Life's a journey - Let's Switch it Up!

Wednesday, January 02, 2008

No photo's no official weight

13 months have come and gone. I didn't take photo's and I didn't go in for an official weigh in.

Why?

Well, my weight hasn't moved at all. I weigh the same today as I did a month ago. Two months ago. I don't look any different than I did a month ago so I have officially slipped into a state of apathy. It's the why bother phase.

Now, did I expect to lose weight? The answer is no. So it's not a matter of being disappointed. I have for all intents and purposes been eating like crap. I have consumed more sugar and carbs in the last month than I have in the last year combined. I have eaten jelly belly's until I dreamed about them in my sleep. I have consumer more chocolate than I did when I was super fat.

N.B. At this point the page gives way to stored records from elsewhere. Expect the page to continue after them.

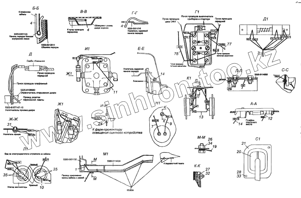 Каталог запасных частей к технике: Камский автозавод 6522. Установка проводов на кабине
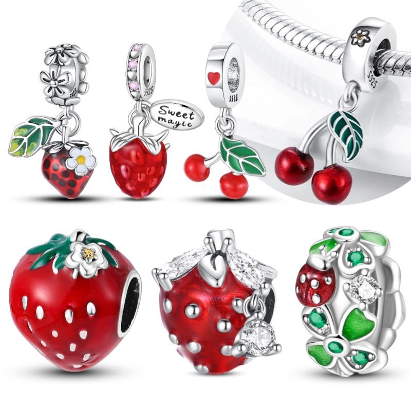 Newstering Copper Cherry Strawberry Fruit Series Charms Beads Fit 3Mm Original Bracelets Diy Birthday Jewelry Gifts
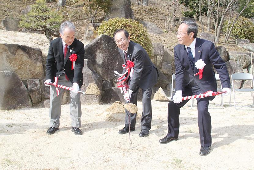 野村モミジを植える左から中村議長、大橋町長、市川市長

The good news is that I did not put on weight. The bad news is that I can eat a lot of this crap with fairly few consequences. The worse news is that I made these choices which tells me that my head is no where near where it needs to be. I am abusing this gift called the DS - testing limits that need not be tested. I am falling very easily into habits that made me super morbidly obese. Crap - this is not what I want for myself but I am having trouble reigning it back in. I am struggling kicking the sugar slut out of my life.

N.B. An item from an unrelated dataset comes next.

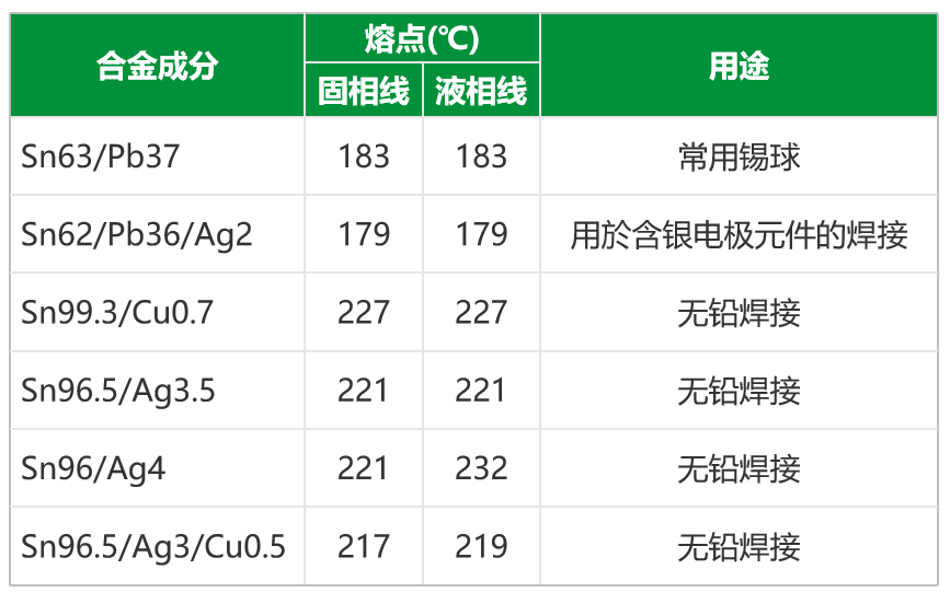 同方 BGA 焊錫球產(chǎn)品球徑可涵蓋 0.05mm至 1.30mm,同時(shí),在傳統(tǒng)錫、銀、銅三元合金基礎(chǔ)上,開(kāi)發(fā)出多元合金,為客戶(hù)提供定制化的服 務(wù)。針對(duì)不同熔點(diǎn),不同應(yīng)用領(lǐng)域,我們還開(kāi)發(fā)出一系列適用于不同應(yīng)用溫度和焊接要求的焊錫球產(chǎn)品,如低溫焊錫球 (95-135°C)、高溫焊球(186-309°℃),耐疲 勞高純度焊錫球、Ultra low α 焊錫球等等。

What is it that makes an intelligent woman make these choices? I know it's not the ghrenlin - that was taken care of when a large chunk of my stomach was cut away. Logically I come to the conclusion that it's all head stuff. I think I need help. Time to look into get me some counseling before I screw this one up completely. I've worked too hard to now undo it all. I seem to have this failure button that gets pressed every time I get too close to success. A button that I press myself. I remember reading someones blog that mentioned train wrecks, and how hard it was to look away. Well, I'm beginning to think I was the train wreck waiting to happen but didn't have the foresight to see it at the time. Crap.

Anyway - I will be reaching out for help. I'm not sure what's out there but a journey starts with the first step right? Time to call my employee assistance program.